◆ **Recorded data**
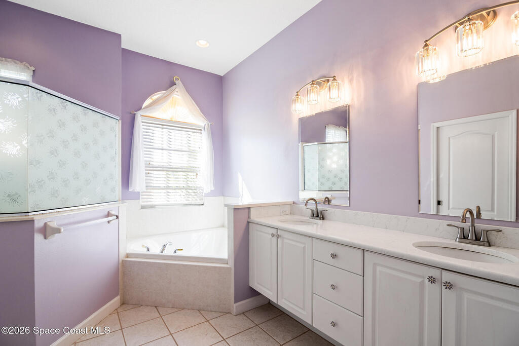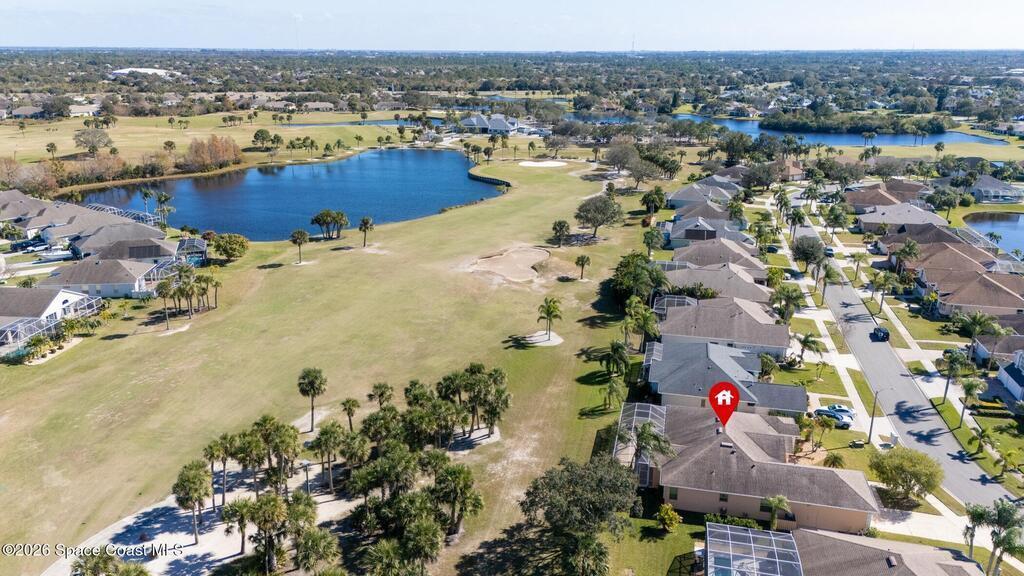 Located in the coveted Canterbury neighborhood within the Viera East Golf Course Community, this well-appointed home sits on a premium golf course lot with beautiful views. The thoughtful floor plan offers three bedrooms, two bathrooms, and a convenient home office. The living room, family room, and owner's suite all open to a massive under-truss porch with an extended lanai; perfect for entertaining and enjoying the serene course setting. The spacious kitchen features timeless wood cabinetry, a newer French door refrigerator and microwave, a large island for seating or gathering, and a charming, mitered window in the breakfast nook, while overlooking the spacious family room with French doors leading to the porch. The owner's suite includes a walk-in closet and an ensuite with a raised-height dual-sink vanity, corner soaking tub, and walk-in shower. A private hallway leads to two generously sized guest bedrooms and a guest bath. Additional highlights include a large laundry room with
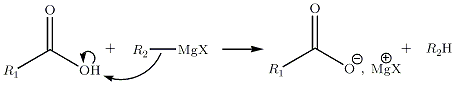 - R----Mg----X + R'-CO-Cl → R'-CO-R + Cl-Mg-X
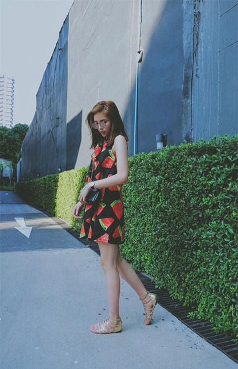 Kỳ Duyên trẻ trung với bộ đầm liền hoạ tiết miếng dưa hấu nhân dịp đi du lịch xứ sở Chùa Vàng vào đầu năm. Phụ kiện xăng đan ánh kim, túi mini cũng phù hợp với trang phục.
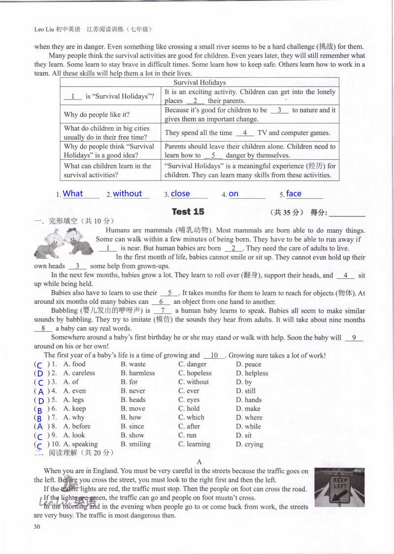 注:目前有些书本章节名称可能整理的还不是很完善,但都是按照顺序排列的,请同学们按照顺序仔细查找。练习册 2021年LeoLiu初中英语七年级听力训练阅读训练 答案主要是用来给同学们做完题方便对答案用的,请勿直接抄袭。
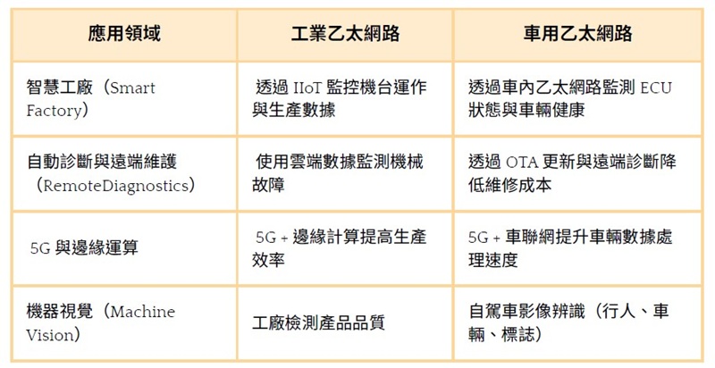 | 圖一 : 工業(yè)乙太網(wǎng)路與車用乙太網(wǎng)路的技術(shù)相似性 |
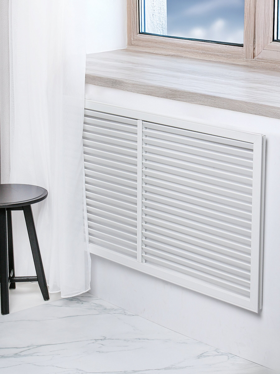 Радиаторная решетка позволяет закрыть ниши с батареями отопления, когда их внешний вид не вписывается в созданный интерьер. При этом теплый воздух будет беспрепятственно поступать в помещение через достаточное количество отверстий в жалюзи.
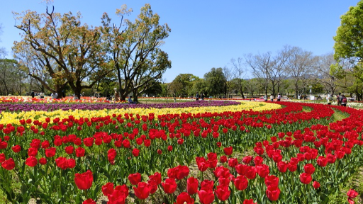 Công viên EXPO là một địa điểm nổi tiếng để ngắm mọi loại hoa trong cả 4 mùa. Mùa xuân là mùa trăm hoa đua nở tại công viên EXPO. Một ngày sẽ là quá ít để có thể ngắm hết mọi vườn hoa đang rực rỡ khoe sắc tại công viên EXPO. Thời điểm tuyệt vời để ngắm hoa tulip cùng với hoa anh đào là cuối tuần đầu tháng 4. Bạn có thể ngắm hoa tulip cho tới tận đầu tháng 5 đợt Goldweek.
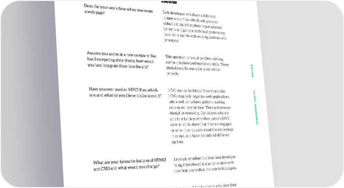 FRONTEND Themes to explore: Organisational capability, user focus, does their process fit yours and are they able to communicate in both technical and non-technical language. QUESTION ANSWER Describe your work flow when you create Each developer will share a different a web page? unique work-flow which will give you valuable insight into their organisational patterns and general technical preferences. Look for a match with existing systems and processes. Assume you arrive at a new company that This question drives at problem-solving, has 3 competing style sheets, how would communication and teamwork skills. There NONO you best integrate them into the site? should only be one style sheet within TION TTION T projects. Have you ever used an MVC? If so, which MVC stands for Model View Controller. ALENT AALENT A one and what do you like or dislike about it? MVCs typically organise web applications into a well-structured pattern, making SS code easier to maintain. Their preferences SESSES should be revealing. Candidates who are able to articulate why they use one MVC SMENTSMENT over another, show that they are engaged in what they do, care about the technology they use, and have considered different options. What are your favourite features of HTML5 It reveals whether the front end developer and CSS3 and what would you change? being interviewed is also up-to-date with new features within the core technologies. Look at the design of our website. Talk Test their ability to clearly articulate their me through the features that draw your creative preferences. Generally, developers attention. What do you like, what do you would need 20–30 minutes to look at the dislike? What would you change? page and underlying implementation, so tell the candidate about this question before the interview - but not too long before. Github has a great mix of language, general and interesting interview questions. 6666
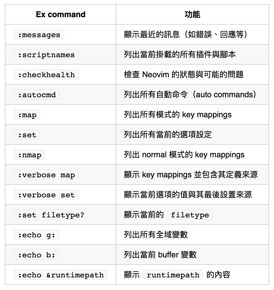 下方是個用來觀察狀態的 Ex command 列表。
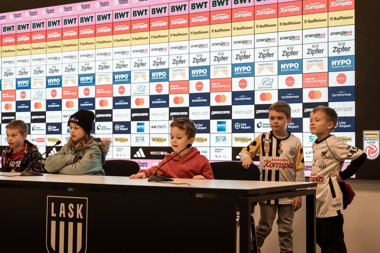 Auf außergewöhnliche Erlebnisse dürfen sich auch zehn weitere Kinder freuen, die am Freitag die Spieltags-Pressekonferenz begleiten werden. Zehn über ein Gewinnspiel in den Oberösterreichischen Nachrichten ermittelte Kinder finden dabei die einzigartige Möglichkeit vor, ihre Fragen an Cheftrainer Markus Schopp und einen LASK-Profi zu richten.
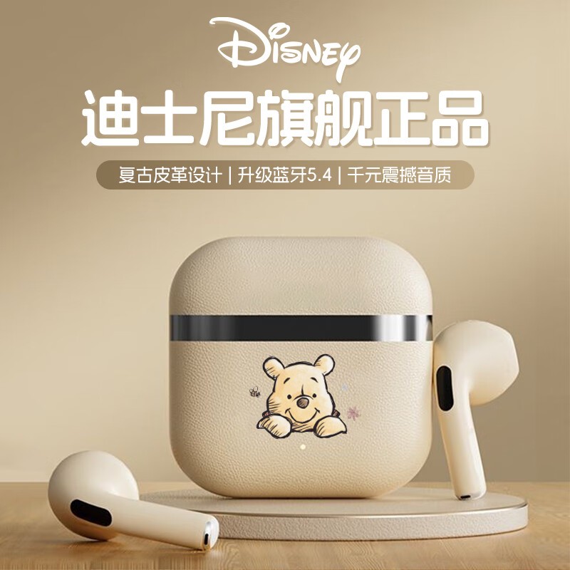 迪士尼HY-68蓝牙耳机:运动音质新宠,59.0元享半入耳设计、IP防护与经典米色风尚
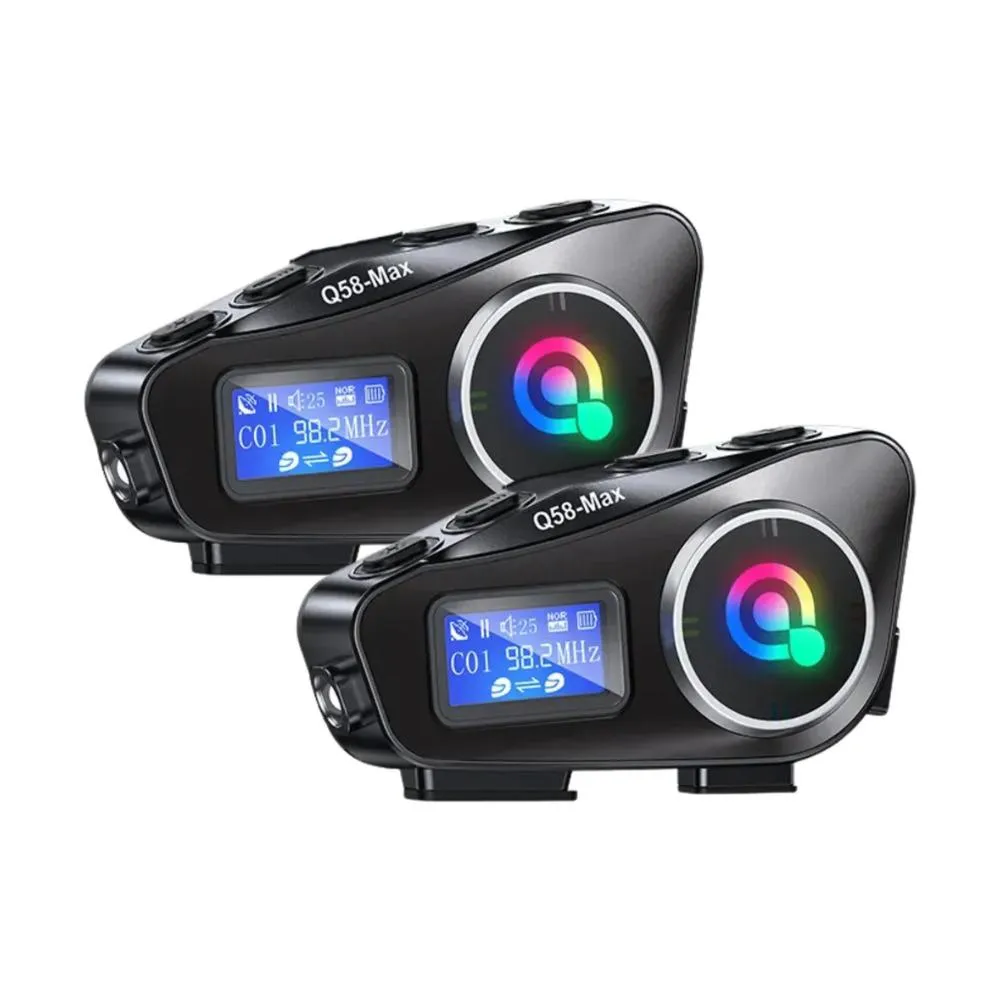 El Intercomunicador Bluetooth Q58-MAX es el compañero ideal para tus recorridos en moto. Diseñado para ofrecer comunicación clara, entretenimiento y seguridad, combina la última tecnología de conectividad con una calidad de sonido envolvente.
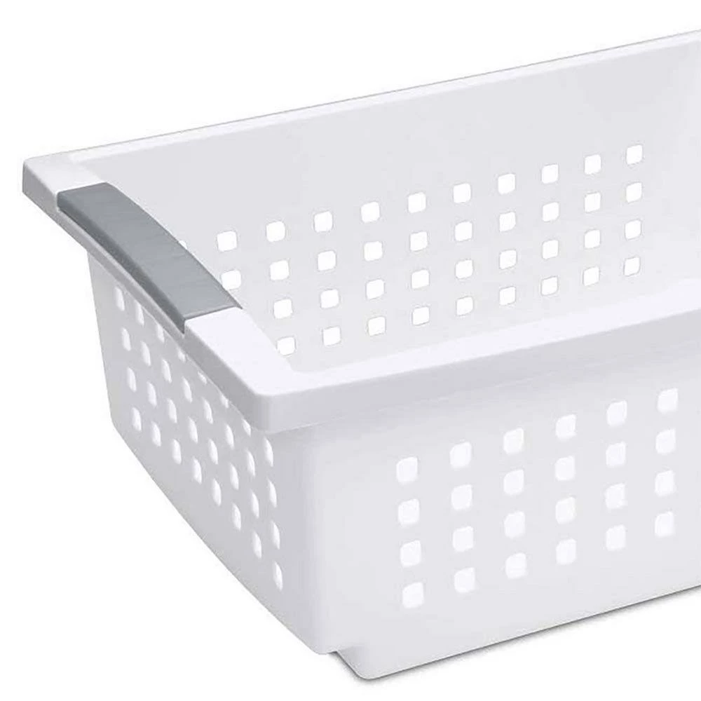 Bring back order to your home and to your life with the Sterilite Medium-Sized Stackable Storage & Organization Basket 20-Pack. The Sterilite Storage Basket is ideal for a wide variety of uses including organizing countertops, kitchen cabinets, pantries, and shelving around the home. Store dry goods in your kitchen pantry, organize supplies in the bathroom or declutter the cleaning supplies under the sink. The contoured handles allow for comfortable transporting, and the smooth finish is easy to clean. Flip down the accent rails to stack several of these indented bins and maximize vertical storage space. These bins are also the perfect size for containing crafting or office supplies. Try integrating the baskets with a bookcase or with opened shelving to tidy up your child’s books, games, or toys. The Sterilite storage bin is great for the garage, crafts, toys, games, and even fresh pantry items too. Anywhere you need to declutter the Sterilite Storage Basket 20-Pack is your solution.

◆ **What you will do**
Skip every picture, and give the rest of the material above again exactly.

◆ **Exercise output**
 Located in the coveted Canterbury neighborhood within the Viera East Golf Course Community, this well-appointed home sits on a premium golf course lot with beautiful views. The thoughtful floor plan offers three bedrooms, two bathrooms, and a convenient home office. The living room, family room, and owner's suite all open to a massive under-truss porch with an extended lanai; perfect for entertaining and enjoying the serene course setting. The spacious kitchen features timeless wood cabinetry, a newer French door refrigerator and microwave, a large island for seating or gathering, and a charming, mitered window in the breakfast nook, while overlooking the spacious family room with French doors leading to the porch. The owner's suite includes a walk-in closet and an ensuite with a raised-height dual-sink vanity, corner soaking tub, and walk-in shower. A private hallway leads to two generously sized guest bedrooms and a guest bath. Additional highlights include a large laundry room with
 - R----Mg----X + R'-CO-Cl → R'-CO-R + Cl-Mg-X
 Kỳ Duyên trẻ trung với bộ đầm liền hoạ tiết miếng dưa hấu nhân dịp đi du lịch xứ sở Chùa Vàng vào đầu năm. Phụ kiện xăng đan ánh kim, túi mini cũng phù hợp với trang phục.
 注:目前有些书本章节名称可能整理的还不是很完善,但都是按照顺序排列的,请同学们按照顺序仔细查找。练习册 2021年LeoLiu初中英语七年级听力训练阅读训练 答案主要是用来给同学们做完题方便对答案用的,请勿直接抄袭。
 | 圖一 : 工業(yè)乙太網(wǎng)路與車用乙太網(wǎng)路的技術(shù)相似性 |
 Радиаторная решетка позволяет закрыть ниши с батареями отопления, когда их внешний вид не вписывается в созданный интерьер. При этом теплый воздух будет беспрепятственно поступать в помещение через достаточное количество отверстий в жалюзи.
 Công viên EXPO là một địa điểm nổi tiếng để ngắm mọi loại hoa trong cả 4 mùa. Mùa xuân là mùa trăm hoa đua nở tại công viên EXPO. Một ngày sẽ là quá ít để có thể ngắm hết mọi vườn hoa đang rực rỡ khoe sắc tại công viên EXPO. Thời điểm tuyệt vời để ngắm hoa tulip cùng với hoa anh đào là cuối tuần đầu tháng 4. Bạn có thể ngắm hoa tulip cho tới tận đầu tháng 5 đợt Goldweek.
 FRONTEND Themes to explore: Organisational capability, user focus, does their process fit yours and are they able to communicate in both technical and non-technical language. QUESTION ANSWER Describe your work flow when you create Each developer will share a different a web page? unique work-flow which will give you valuable insight into their organisational patterns and general technical preferences. Look for a match with existing systems and processes. Assume you arrive at a new company that This question drives at problem-solving, has 3 competing style sheets, how would communication and teamwork skills. There NONO you best integrate them into the site? should only be one style sheet within TION TTION T projects. Have you ever used an MVC? If so, which MVC stands for Model View Controller. ALENT AALENT A one and what do you like or dislike about it? MVCs typically organise web applications into a well-structured pattern, making SS code easier to maintain. Their preferences SESSES should be revealing. Candidates who are able to articulate why they use one MVC SMENTSMENT over another, show that they are engaged in what they do, care about the technology they use, and have considered different options. What are your favourite features of HTML5 It reveals whether the front end developer and CSS3 and what would you change? being interviewed is also up-to-date with new features within the core technologies. Look at the design of our website. Talk Test their ability to clearly articulate their me through the features that draw your creative preferences. Generally, developers attention. What do you like, what do you would need 20–30 minutes to look at the dislike? What would you change? page and underlying implementation, so tell the candidate about this question before the interview - but not too long before. Github has a great mix of language, general and interesting interview questions. 6666
 下方是個用來觀察狀態的 Ex command 列表。
 Auf außergewöhnliche Erlebnisse dürfen sich auch zehn weitere Kinder freuen, die am Freitag die Spieltags-Pressekonferenz begleiten werden. Zehn über ein Gewinnspiel in den Oberösterreichischen Nachrichten ermittelte Kinder finden dabei die einzigartige Möglichkeit vor, ihre Fragen an Cheftrainer Markus Schopp und einen LASK-Profi zu richten.
 迪士尼HY-68蓝牙耳机:运动音质新宠,59.0元享半入耳设计、IP防护与经典米色风尚
 El Intercomunicador Bluetooth Q58-MAX es el compañero ideal para tus recorridos en moto. Diseñado para ofrecer comunicación clara, entretenimiento y seguridad, combina la última tecnología de conectividad con una calidad de sonido envolvente.
 Bring back order to your home and to your life with the Sterilite Medium-Sized Stackable Storage & Organization Basket 20-Pack. The Sterilite Storage Basket is ideal for a wide variety of uses including organizing countertops, kitchen cabinets, pantries, and shelving around the home. Store dry goods in your kitchen pantry, organize supplies in the bathroom or declutter the cleaning supplies under the sink. The contoured handles allow for comfortable transporting, and the smooth finish is easy to clean. Flip down the accent rails to stack several of these indented bins and maximize vertical storage space. These bins are also the perfect size for containing crafting or office supplies. Try integrating the baskets with a bookcase or with opened shelving to tidy up your child’s books, games, or toys. The Sterilite storage bin is great for the garage, crafts, toys, games, and even fresh pantry items too. Anywhere you need to declutter the Sterilite Storage Basket 20-Pack is your solution.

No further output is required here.